Word for word, print out all of the data, omitting every image.

==== DATA PROVIDED ====

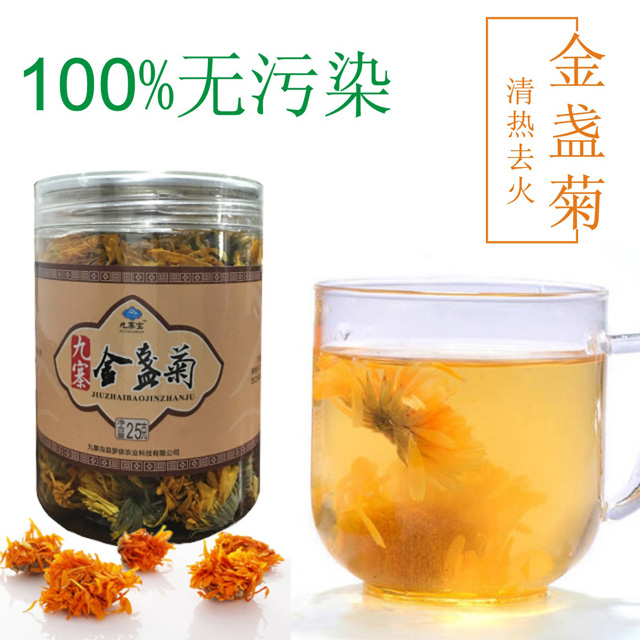 莊園精選!天然清熱去火 美容養(yǎng)顏手工挑選金盞菊25g*2罐裝包郵
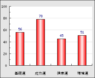 環境運 家庭や職場等での援助運・環境運を司ります。これが良いと配偶者や子供・職場の同僚などから助力が得られやすく、悪いと波乱・不和・孤独などがあります。 51点
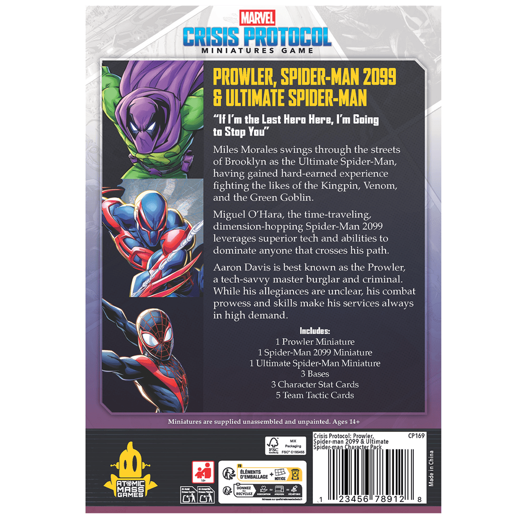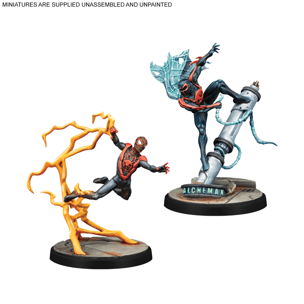 Desde los callejones de Brooklyn hasta los rascacielos del futuro, este paquete de personajes para tu juego de miniaturas trae a tres figuras legendarias del Spider-Verso, cada uno con su historia, habilidades únicas y un montón de telarañas (¡algunas más tecnológicas que otras!).

====

**FINISHED TASK**
 莊園精選!天然清熱去火 美容養(yǎng)顏手工挑選金盞菊25g*2罐裝包郵
 環境運 家庭や職場等での援助運・環境運を司ります。これが良いと配偶者や子供・職場の同僚などから助力が得られやすく、悪いと波乱・不和・孤独などがあります。 51点
 Desde los callejones de Brooklyn hasta los rascacielos del futuro, este paquete de personajes para tu juego de miniaturas trae a tres figuras legendarias del Spider-Verso, cada uno con su historia, habilidades únicas y un montón de telarañas (¡algunas más tecnológicas que otras!).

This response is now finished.